In other words, the radiation dose received by an individual is directly proportional to the spent time in the
radiation field and inversely proportional to the square
of distance from the source. The dose is also reduced if a
shielding material is introduced [1,2]. In special circumstances, when the first two parameters (i.e., time and distance) cannot be compromised, radiation shielding plays
an important role in reducing the individual exposure.
The primary purpose of radiation shielding is to limit
radiation exposure to the general public and employees of the radiation facilities to an acceptable level recommended by the International Atomic Energy Agency
(IAEA) [3] or by an individual state regulatory body.
Two types of radiation barriers or shielding, known as
primary and secondary barriers, are considered to reduce
radiation exposures from high-energy medical linear accelerators (LINACs) to within safe limits [1,2,4]. The primary barrier of the treatment room is irradiated directly
by the radiation produced by the LINAC while the secondary barrier receives radiation scattered by the patient
and by the different surfaces of the room, as well as leakage radiation from the machine’s head. The maximum
beam size of the LINAC is used to determine the characteristics of the primary barrier. On the other hand,
secondary radiations are, emitted in all directions and
are therefore, considered for the entire treatment room
[1,2].
Neutrons are produced at high-energy X-rays and electron beams (energies > 10 MV) through X-ray-neutron
(x, n) and electron-neutron (e, n) reactions [1, 2, 4–12,
12, 14]. The X-ray target, primary collimators, beam
flattening filters, collimator jaws, and X-ray beam accessories are the main sources of neutron contamination [1,
2,10]. The cross section for the (x, n) reaction is at least
an order of magnitude larger than for the (e, n) reaction
at the high energies of LINACs [2, 15]. The neutrons
produced during the X-ray mode are of primary concern. Some elements, such as 15 O (t1/2 : 2 minutes) and
13
N (t1/2 : 10 minutes), inside the LINAC’s treatment
room may also become radioactive with short half-lives
(i.e., t1/2 ∼ seconds to a few minutes) by direct activation due to (x, n) reactions or by activation of secondary
neutrons. The radiation produced by these radioactive
elements contributes to the radiation exposure to the radiotherapy staff, who enter the treatment room after a
high-energy photon-beam treatment [2,15].

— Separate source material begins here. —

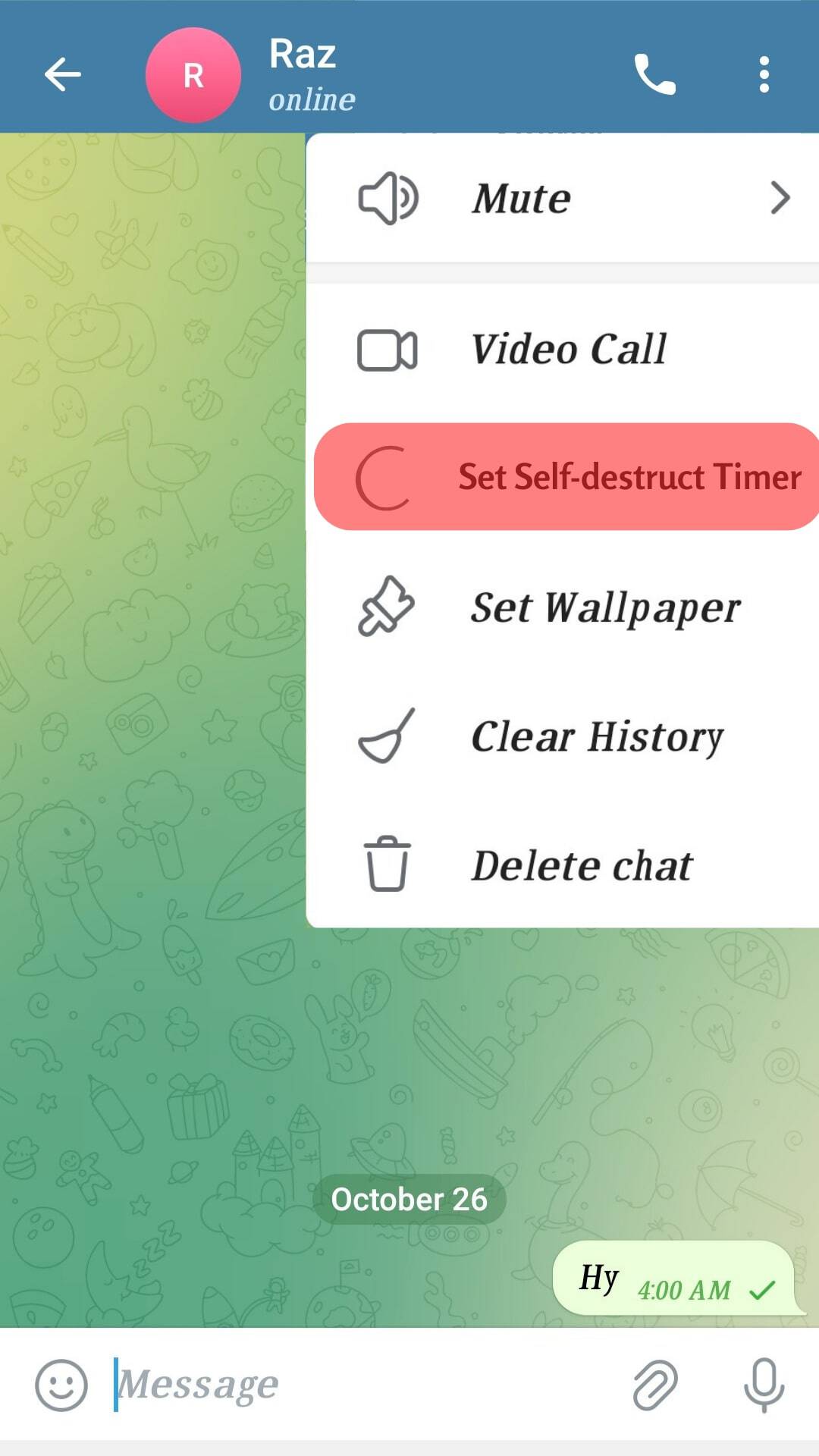 - Once you enter Secret Chat mode, click on the “Set Self-destruct Timer“.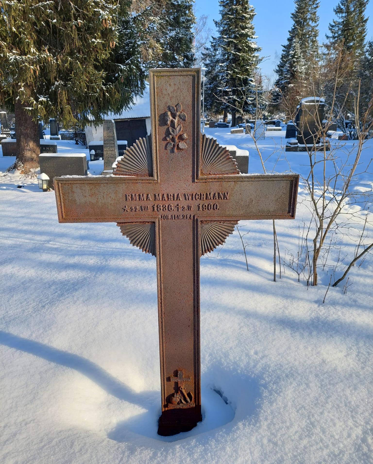 Emman hauta sijaitsee Haaralan hautausmaan vanhalla osalla. Hautaristi on kappelilta päin katsottuna ensimmäisen käytävän vasemmalla puolella, ensimmäisen alueen keskiosassa.

Both the primary and the secondary barriers are designed to protect against expected photon and contamination neutron doses. The primary barrier of the
treatment room is responsible for providing protection
against primary/direct X-ray beams. On the other hand,
secondary barriers are designed to provide protection
against scattered and leakage photons and neutrons.
These also attenuate the neutron-capture γ-rays [1].
A specially designed maze and door are essential to reduce the scattered and the leakage radiation fields along
the maze [2]. For the design of a maze or duct, a strong
knowledge of the scattering characteristics of X-rays is
required [4]. Efficient room ventilation is an effective
method for removing the radioactivity and will reduce
the exposure to the radiotherapy staff who enter the
treatment room after a high-energy photon-beam treatment [2]. The treatment room should be designed on the
lowest floor of the building to avoid huge shielding loads
on the floor [1,2].
The area around the treatment room is usually classified into two subtypes, controlled and uncontrolled, on
the basis of the access, occupancy and working conditions. The former has limited-access immediate areas
where radiation is used and where the occupational exposure to the radiation workers is under the supervision of
an individual in charge of radiation protection [2,3]. Examples are treatment rooms, control consoles, and other
areas that require control of access, occupancy and working conditions for radiation protection purposes. The
latter are those occupied by the general public (i.e., patients, visitors) and workers not involved in any radiation
related task [1,2].
The factors used in shielding calculations are as follows:
• The occupancy factor (T) is the fraction
of time that a particular area (i.e., controlled/uncontrolled) is occupied by radiation/nonradiation workers, patients or the general public.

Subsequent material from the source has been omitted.